Account Registration and Security
To use our Services, you must create a quicksrv.io account.
Accuracy of Information
You agree to provide accurate, current, and complete identification, billing, and contact information, and to keep this information updated at all times. We may refuse, suspend, or terminate an account where information appears false, fraudulent, incomplete, or where verification cannot be completed.
Verification
We may, at our discretion and where permitted by law, require identity, address, payment-instrument, or business verification before activating, continuing, or upgrading a Service, in particular to prevent fraud, abuse, money laundering, or sanctions violations.
Account Security
You are entirely responsible for maintaining the confidentiality of your account credentials, API keys, SSH keys, passwords, two-factor devices, and billing information, and for all activity occurring under your account, whether or not authorised by you. You must notify us without undue delay at support@quicksrv.io of any actual or suspected unauthorised access. ClearStack B.V. is not liable for any loss or damage arising from your failure to secure your credentials.
Age and Capacity
You must be at least 18 years of age, or have reached the age of majority and legal capacity to contract in your jurisdiction, to enter into this Agreement.
Sanctions and Export Controls
You represent and warrant that you, your beneficial owners, and your end-users are not subject to EU, UN, UK, US, or Dutch sanctions, are not located in a comprehensively sanctioned jurisdiction, and will not use the Services in violation of applicable export-control or sanctions laws.
One Account
Unless otherwise agreed in writing, each Customer may operate a single primary account. We may merge duplicate accounts or refuse the creation of additional accounts intended to circumvent suspensions, refunds, promotions, or fair-use limits.
Services and Support
Provision of Services
We will provide the Services selected by you during the ordering process with reasonable skill and care, subject to this Agreement. Our current Service catalogue consists of KVM Cloud VPS hosted in the Netherlands and the United Kingdom, and cPanel Hosting hosted in the United Kingdom.
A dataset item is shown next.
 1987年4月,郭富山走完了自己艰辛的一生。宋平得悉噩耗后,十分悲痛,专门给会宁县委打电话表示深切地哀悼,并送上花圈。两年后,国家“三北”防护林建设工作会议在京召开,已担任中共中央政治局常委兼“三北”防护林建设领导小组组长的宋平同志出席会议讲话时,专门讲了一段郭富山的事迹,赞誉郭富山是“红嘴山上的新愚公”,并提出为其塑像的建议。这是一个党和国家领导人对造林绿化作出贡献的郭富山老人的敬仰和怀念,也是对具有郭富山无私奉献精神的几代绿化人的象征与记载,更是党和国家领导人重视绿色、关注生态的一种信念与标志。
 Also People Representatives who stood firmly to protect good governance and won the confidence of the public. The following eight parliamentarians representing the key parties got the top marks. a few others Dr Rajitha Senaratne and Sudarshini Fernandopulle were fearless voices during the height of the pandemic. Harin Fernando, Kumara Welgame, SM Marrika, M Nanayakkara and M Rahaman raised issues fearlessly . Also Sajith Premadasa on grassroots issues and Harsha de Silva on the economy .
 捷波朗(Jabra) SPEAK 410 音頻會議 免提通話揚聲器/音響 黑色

The specific resources, features, locations, and limits of each plan are described at the point of sale.
Activation
Services are typically provisioned automatically after successful payment and any required verification. We do not guarantee instant activation; provisioning may be delayed by verification, fraud screening, stock availability, or upstream provider constraints.
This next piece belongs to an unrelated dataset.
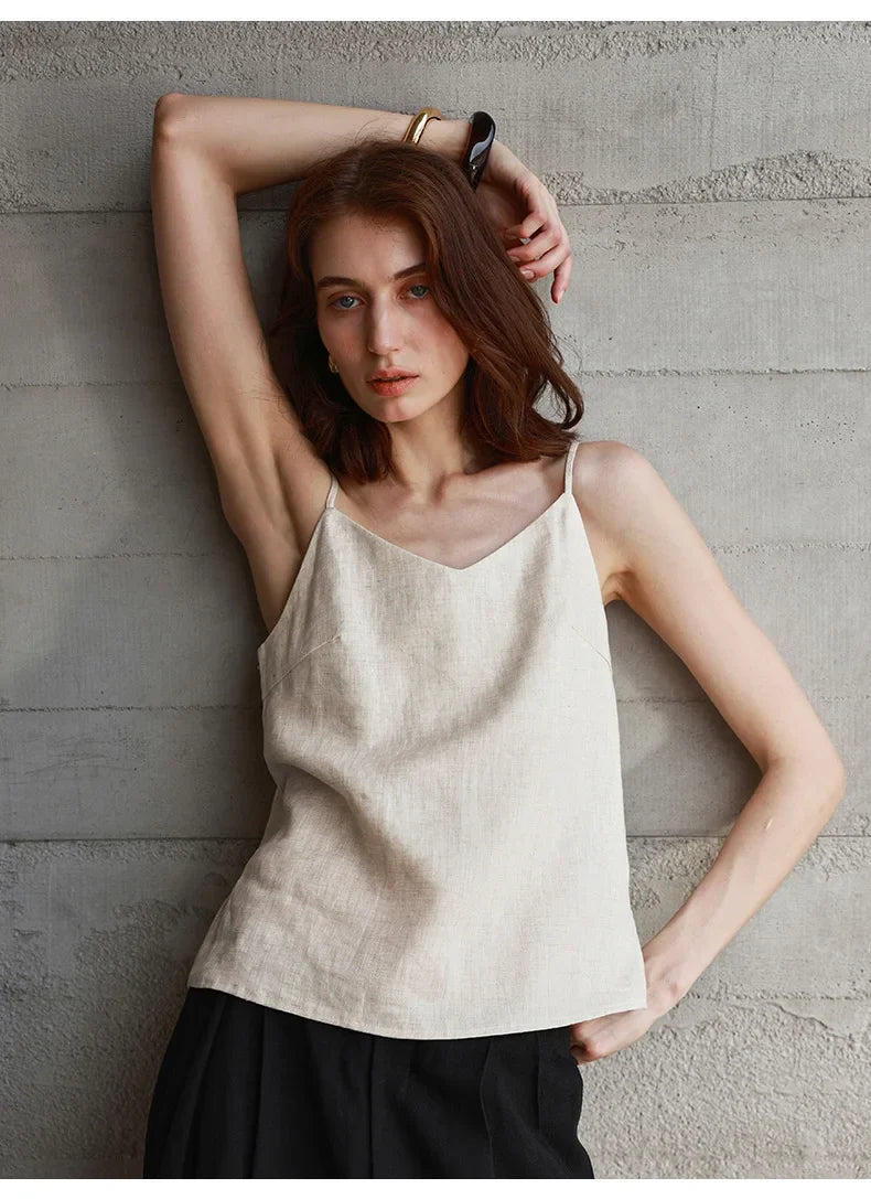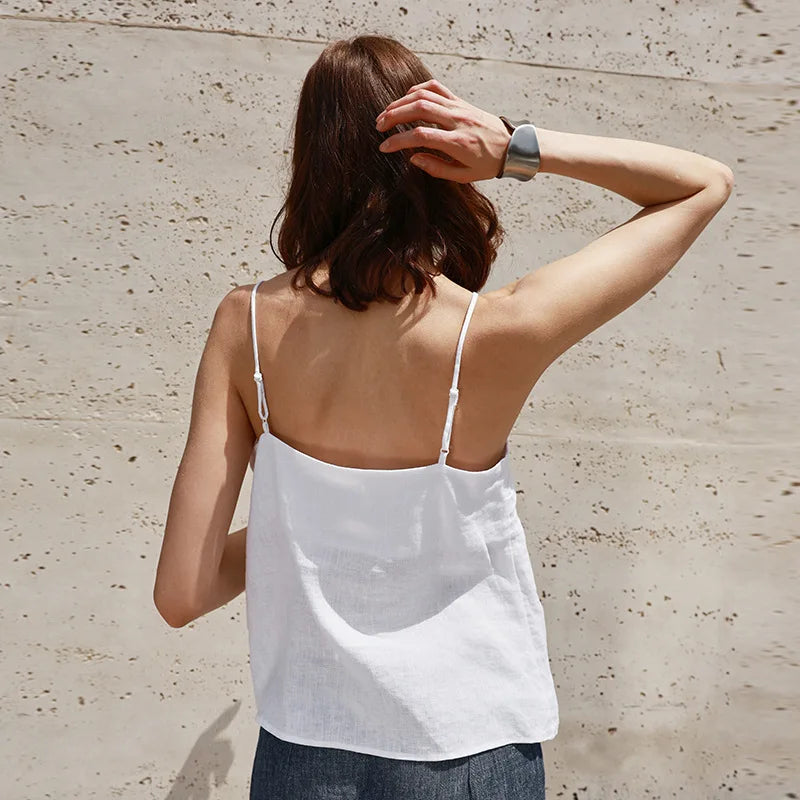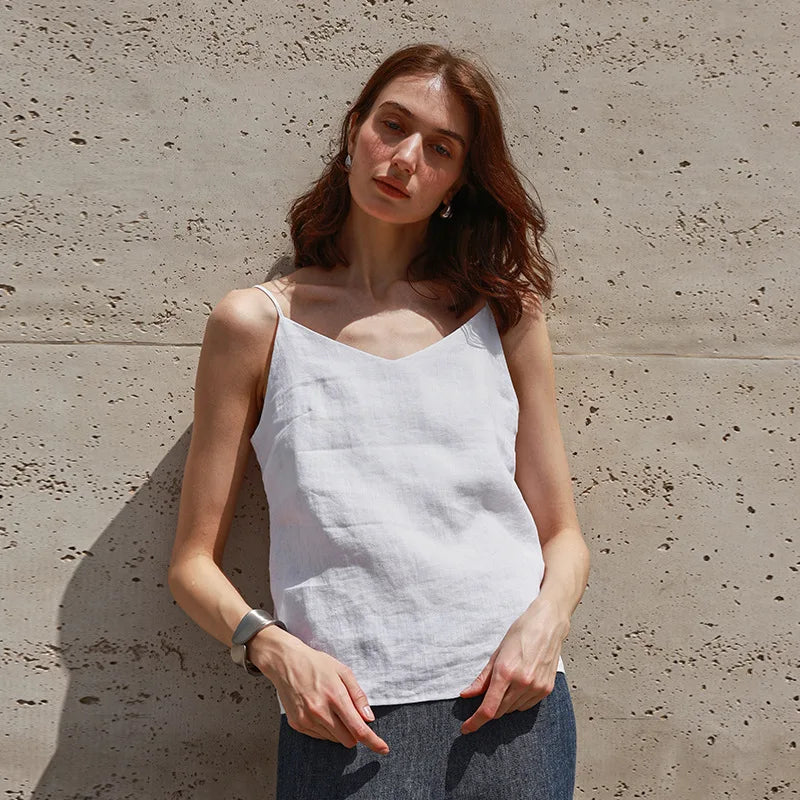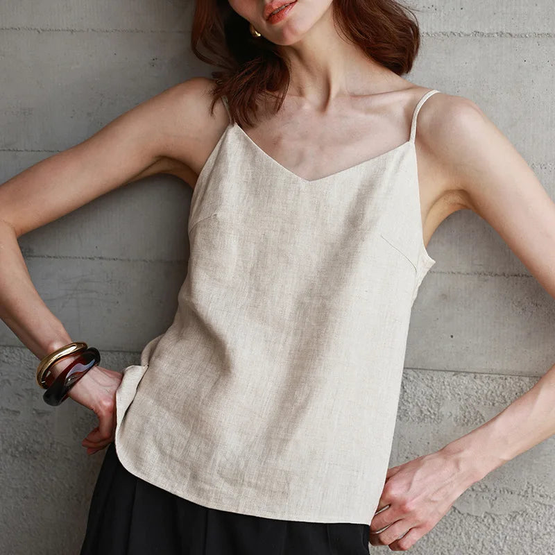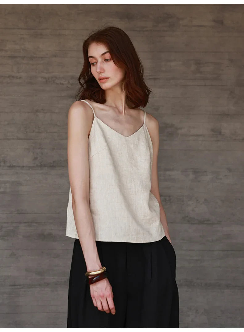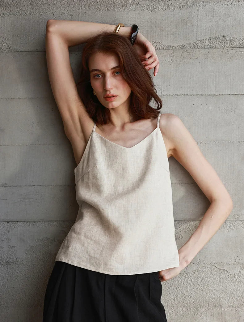 Clean, relaxed, and endlessly wearable. This lightweight linen camisole sits easy on the body with a soft V-neck and adjustable straps—perfect for warm days when you want effortless and unfussy.

Beta and Promotional Services
Services or features expressly marked as "beta", "preview", "trial", "promotional" or similar are provided on an as-is basis, may be modified or withdrawn at any time, may carry reduced or no SLA, and may be excluded from refund eligibility.
Support Scope
Our technical support assists with hardware, network, virtualisation platform, and basic infrastructure issues relating directly to the Services we provide. Unless explicitly included in a managed-service plan, support does not include software development, custom application configuration, third-party software troubleshooting, migrations, website debugging, content recovery, or end-user support of your customers. Support is provided in English via the channels published on our website. Response times are targets, not guarantees, unless otherwise stated in a written SLA.
Service Level and Maintenance
Availability
We strive to maintain high availability for our Services. Specific uptime commitments and service-credit remedies (if any) are set out in our separate Service Level Agreement ("SLA"). Service credits, where granted, are the Customer's sole and exclusive remedy for downtime or performance issues.
Planned Maintenance
We may carry out planned maintenance that may temporarily affect Services. We will use reasonable efforts to schedule such maintenance outside peak hours and to provide advance notice where practicable.
Emergency Maintenance
We may carry out emergency maintenance without prior notice where necessary to protect the security, integrity, or availability of the Services, our infrastructure, or third parties.
Exclusions
SLA commitments do not apply to downtime caused by: (a) Customer acts or omissions, including misconfiguration or breach of the AUP; (b) Customer software, scripts, or content; (c) suspension or termination in accordance with this Agreement; (d) upstream network or third-party provider failures outside our reasonable control; (e) DDoS or other malicious traffic; (f) Force Majeure events; or (g) beta, trial, or promotional Services.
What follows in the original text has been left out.